From the above Density chart, we note that the mean of Volume of stocks traded lies around 3.3e+07 and the density of volume is between 2e+07 and 1.4e+08

Building Linear Regression Model

The task in this project is to predict the price of stocks over time.

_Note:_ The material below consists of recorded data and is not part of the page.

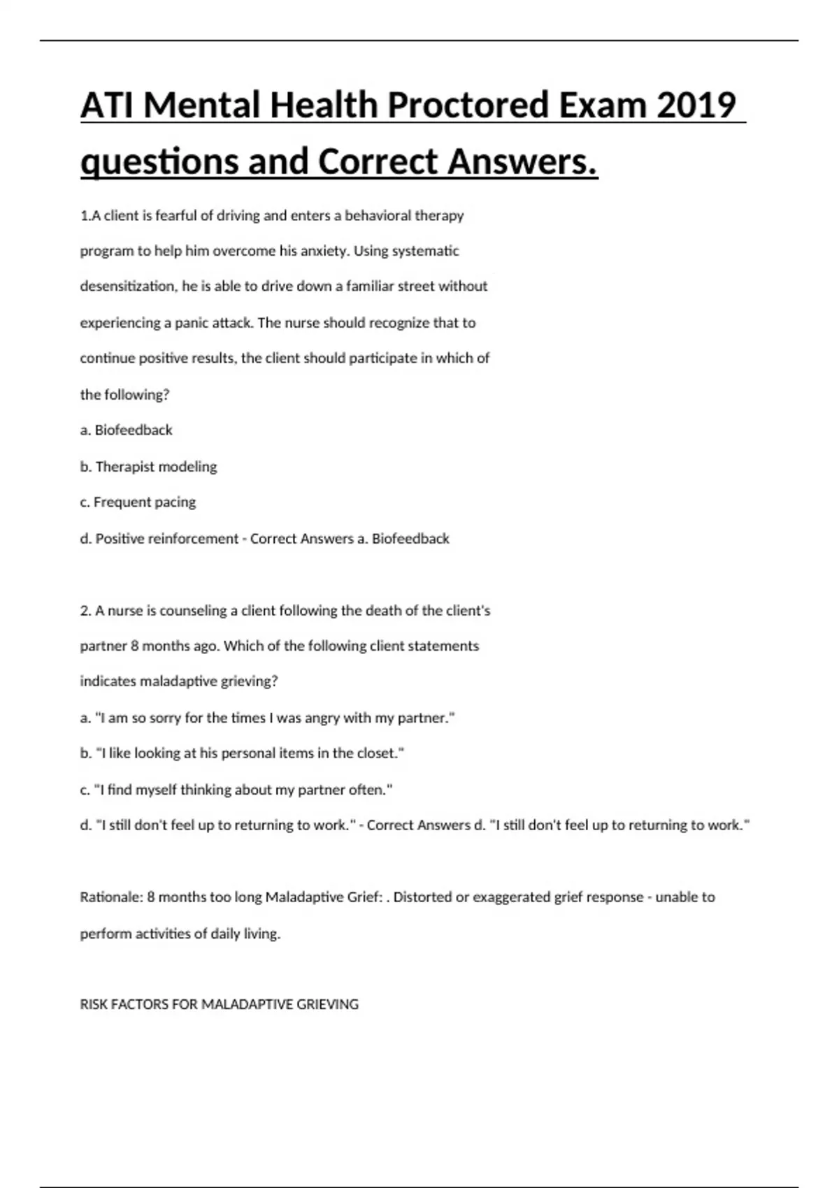 1.A client is fearful of driving and enters a behavioral therapy program to help him overcome his anxiety. Using systematic desensitization, he is able to drive down a familiar street without experiencing a panic attack. The nurse should recognize that to continue positive results, the client should participate in which of the following? a. Biofeedback b. Therapist modeling c. Frequent pacing d. Positive reinforcement - Correct Answers a. Biofeedback 2. A nurse is counseling a client following the death of the client's partner 8 months ago. Which of the following client statements indicates maladaptive grieving? a. "I am so sorry for the times I was angry with my partner." b. "I like looking at his personal items in the closet." c. "I find myself thinking about my partner often." d. "I still don't feel up to returning to work." - Correct Answers d. "I still don't feel up to returning to work." Rationale: 8 months too long Maladaptive Grief: . Distorted or exaggerated grief response - unable to perform activities of daily living. RISK FACTORS FOR MALADAPTIVE GRIEVING ●● Being dependent upon the deceased ●● Unexpected death at a young age, through violence, or by a socially unacceptable manner ●● Inadequate coping skills or lack of social support ●● Pre-existing mental health issues, such as depression or substance use disorder 3./21 A nurse in an inpatient mental health facility is assessing a client who has schizophrenia and is taking haloperidol (antipsychotic, 1st gen). Which of the following clinical findings is the nurse's priority? a. Headache b. Insomnia (sedation) c. Urinary hesitancy (Complication → ANTIcholinergic effects) d. High fever (Complication → agranulocytosis) - Correct Answers d. High fever (Complication → agranulocytosis) Other complications: Acute dystonia, Pseudoparkinsonism, Akathisia, Tardive dyskinesia, Neuroendocrine effects (Gynecomastia, Weight gain, Menstrual irregularities), NMS, Orthostatic Hypotension, Sedation, Sexual dysfunction, Skin effects, Liver impairment 4. A nurse is planning care for a client who has obsessive compulsive disorder. Which of the following recommendations should the nurse include in the client's plan of care? a. Reality Orientation therapy (re-orient to reality) b. Operant Conditioning (receives positive rewards for positive behavior) c. Thought Stopping (say "stop" when compulsive behaviors arise & substitute w/ positive thought) d. Validation Therapy (acknowledging pt's feelings) - Correct Answers c. Thought Stopping (say "stop" when compulsive behaviors arise & substitute w/ positive thought) 5. A nurse is caring for a client who is in the manic phase of bipolar disorder. Which of the following actions should the nurse take? a. Provide in depth explanation of nursing expectations (inability to focus - give concise explanations) b. Encourage the client to participate in group activities (decrease stimulation) c. Avoid power struggles by remaining neutral (do not react personally to pt's comments) d. Allow the client to set limits for his behavior (nurse sets limits) - Correct Answers c. Avoid power struggles by remaining neutral (do not react personally to pt's comments) 6. A nurse is providing behavioral therapy for a client who has OCD. The client repeatedly checks that the doors are locked at night. Which of the following instructions should the nurse give the client when using thought stopping technique? a. "Keep a journal of how often you check the locks each night." b. "Ask a family member to check the locks for you at night." c. "Focus on abdominal breathing whenever you go to check the locks." d. "Snap a rubber band on your wrist when you think about checking the locks." - Correct Answers d. "Snap a rubber band on your wrist when you think about checking the locks." Thought stopping: teach pt to say "stop" when negative thoughts/compulsive behaviors arise & substitute positive thought - goal forpt use command silently over time 7. A nurse is caring for a client who has a cocaine use disorder. Which of the following manifestations should the nurse expect the client to have during withdrawal? a. Hand tremors (Intoxication) b. Fatigue c. Seizures (Intoxication) d. Rapid speech Rationale: Pg: 97 WITHDRAWAL MANIFESTATIONS● Depression, fatigue, craving, excess sleeping or insomnia, dramatic unpleasant dreams, psychomotor retardation, agitation ● Not life-threatening, but possible occurrence of suicidal ideation Cocaine = STIMULANT → OPPOSITE of HEROIN ● Withdrawal = opposite effects - Correct Answers b. Fatigue 8. A nurse is reviewing the medical record of a client who is taking clozapine. For which of the following findings should the nurse withhold the medication and notify the provider? a. WBC count b. Heart rate c. Report of photosensitivity d. Blood glucose level - Correct Answers a. WBC count
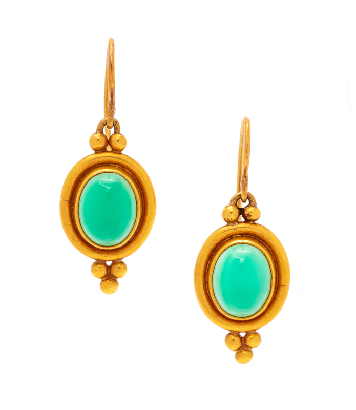 A Pair of 22 Karat Yellow Gold and Chrysoprase Earrings, Temple St. Clair,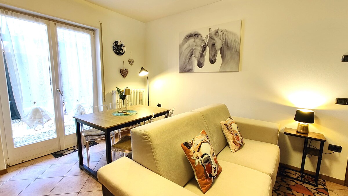 L'appartamento moderno e accogliente con parcheggio privato recintato gratuito, garage per bici e attrezzatura e ampio giardino con bbq e gazebo. Situato al 2° piano con ingresso autonomo, camera con 3 posti letto, open-space con cucina e soggiorno con divano letto matrimoniale, bagno finestrato con doccia walk-in e ampio balcone vista montagne. Attrezzato di lavastoviglie, lavatrice, macchina Nespresso, Wi-Fi e Smart TV. Ospita fino a 5 persone.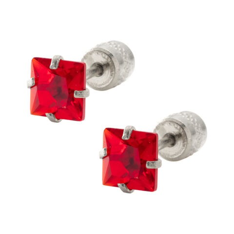 ピアス ステンレス 金属アレルギー サージカルステンレス レディース 80種類 つけっぱなし 限定色 一粒ビジュー ネジ式 カラーストーン 両耳用 スクエア 四角 cream dot ゆうパケット [シルバー×レッド_5mm]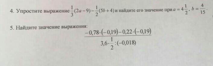 1/3(2а-9) - 1/2(5b+4) = (2a-9)/3 - (5b+4)/2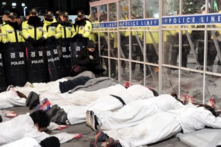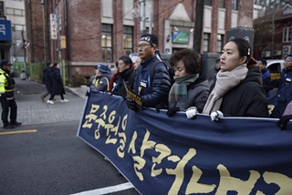 한국마사회 고 문중원 열사 문제 해결을 요구하며 5일째 오체투지 행진이 이어지고 있는 가운데, 경찰이 청와대 방면 행진을 가로막으면서 충돌이 발...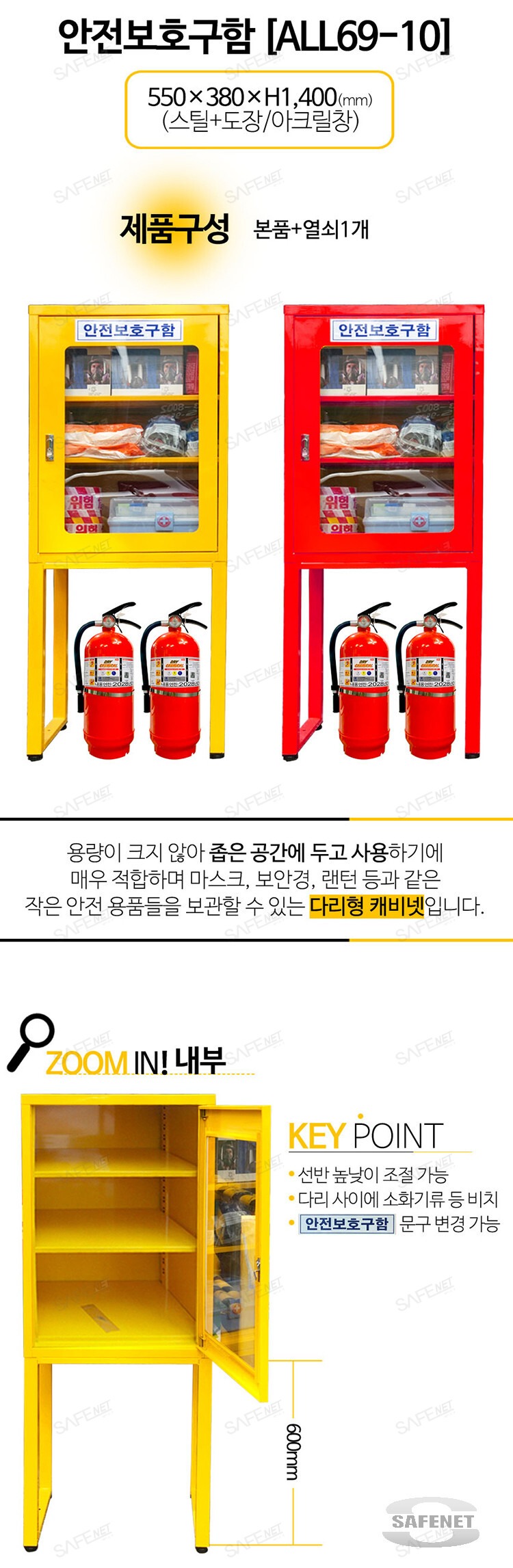 마스크, 보안경, 랜턴 등과 같은 작은 안전 용품들을 보관할 수 있는 다리형 캐비넷입니다.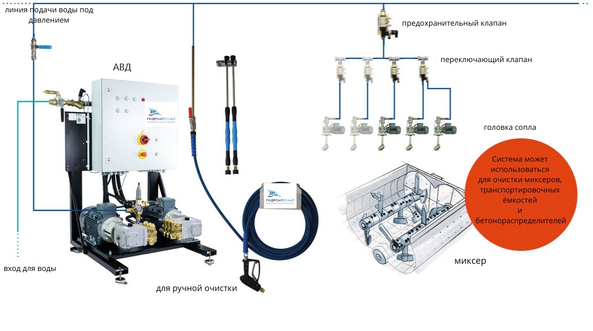 Автоматическая система очистки двухвальных бетоносмесителей представляет собой комплекс оборудования, предназначенный для быстрой периодической очистки миксеров от стойких отложений еще не затвердевшего бетона.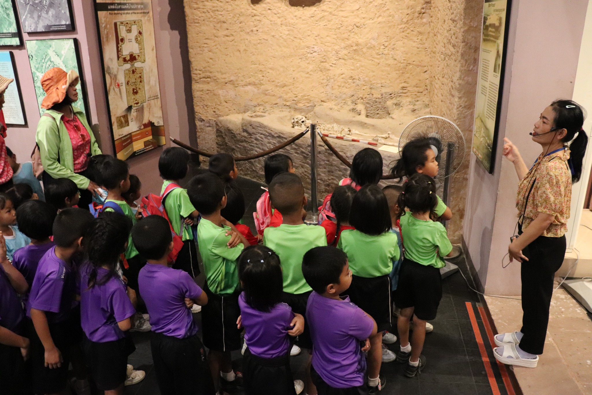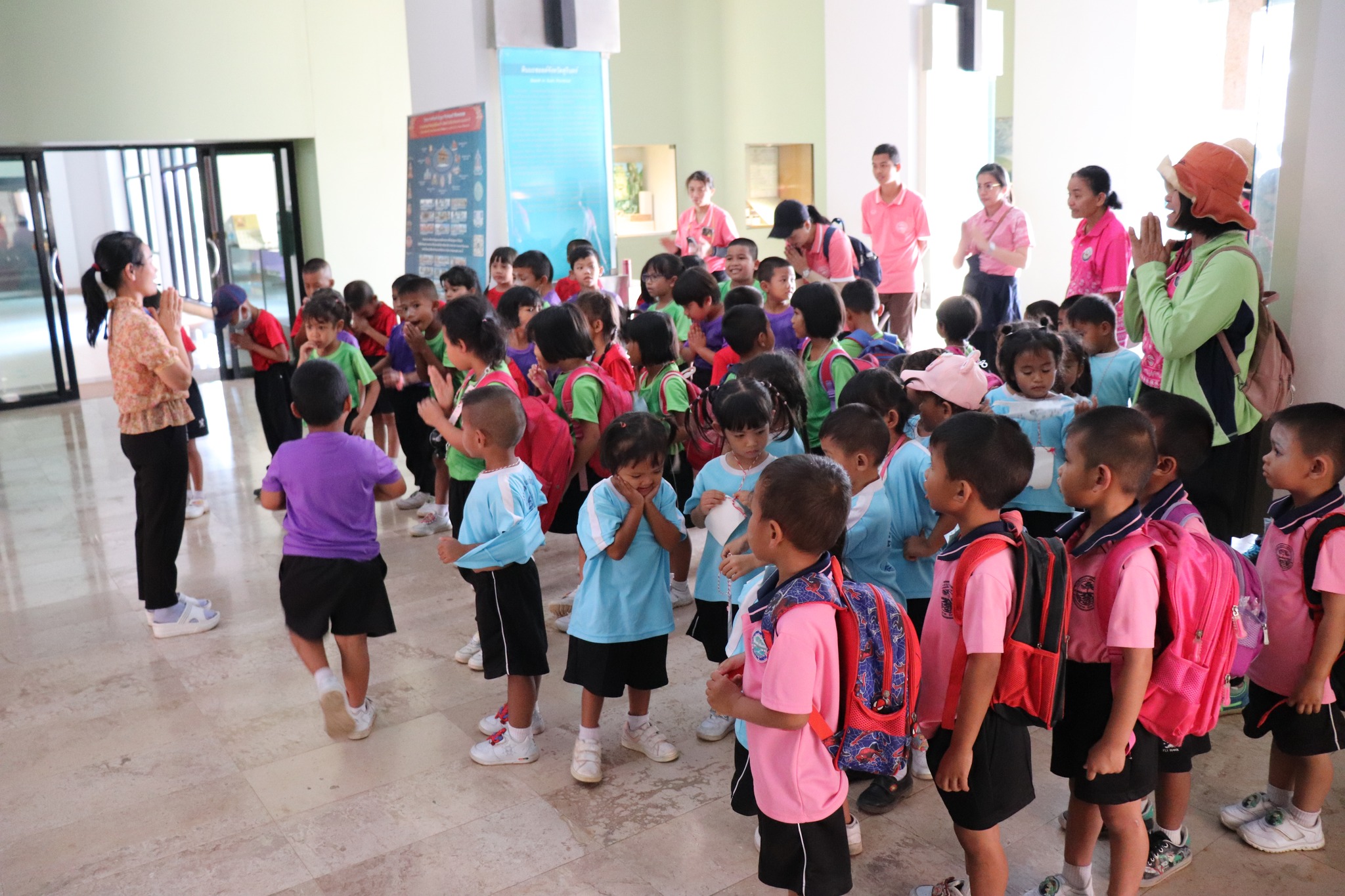 วันพฤหัสบดีที่ ๘ กุมภาพันธ์ พ.ศ. ๒๕๖๗ เวลา ๑๓.๓๐ น.นักเรียนศูนย์พัฒนาเด็กเล็กเทศบาลตำบลกันตวจระมวล อำเภอปราสาท จังหวัดสุรินทร์ จำนวน ๑๑๕ คน คุณครู ๑๕ คน เข้าเยี่ยมชมพิพิธภัณฑสถานแห่งชาติ สุรินทร์ โดยมี นางสาวอภิญญา สุขใหญ่ พนักงานประจำห้อง ให้การต้อนรับและบรรยายนำชม

lm01 = lm(Adj.Close ~ Date, data = data)
tab_model(lm01)
  Adj.Close
Predictors Estimates CI p
(Intercept) -1326.74 -1345.00 – -1308.49 <0.001
Date 0.09 0.08 – 0.09 <0.001
Observations 2384
R2 / R2 adjusted 0.914 / 0.914

Rolling Statistics

meta_roll <- data %>%
# filter(Date>=ymd('2012-08-15') & Date<=ymd("2013-02-15")) %>%
  mutate(
    close_mean = zoo::rollmean(
      Adj.Close, 
      k = 180, 
      fill = NA),
    close_sd = zoo::rollapply(
      Adj.Close, 
      FUN = sd, 
      width = 180, 
      fill = NA)
  )
meta_rollmean <- meta_roll %>%
  ggplot() +
  geom_line(aes(Date, close_mean)) +
  theme_bw() +
  ggtitle("Meta(FB) Mean over Time (6 month rolling window)") +
  ylab("Adjusted Closing Price") +
  xlab("Date")
meta_rollsd <- meta_roll %>%
  ggplot() +
  geom_line(aes(Date, close_sd)) +
  theme_bw() +
  ggtitle("Differenced Meta(FB) SD over Time (6 month rolling window)") +
  ylab("Adjusted Closing Price") +
  xlab("Date")
meta_rollmean 

meta_rollsd

From the Rolling Statistics plots, we note that the time series is both mean non-stationary and variance non-stationary.

Stationarity Check

ADF Test

print(adf.test(data$Adj.Close))
## 
##  Augmented Dickey-Fuller Test
## 
## data:  data$Adj.Close
## Dickey-Fuller = -2.6913, Lag order = 13, p-value = 0.2857
## alternative hypothesis: stationary

From the above ADF Test output, we observe the p-value is greater than 0.05. So, we fail to reject the Null Hypothesis and infer that the time series is non-stationary.

KPSS Test

kpss.test(data$Adj.Close, null="Trend")
## 
##  KPSS Test for Trend Stationarity
## 
## data:  data$Adj.Close
## KPSS Trend = 2.2555, Truncation lag parameter = 8, p-value = 0.01

From the output of KPSS Test, the p-value is less than 0.05. So, we reject the null hypothesis and infer that the time series is trend non-stationary.

Transformations

As the data is non-stationary, we perform transformations to get Constant Variance in the target variable.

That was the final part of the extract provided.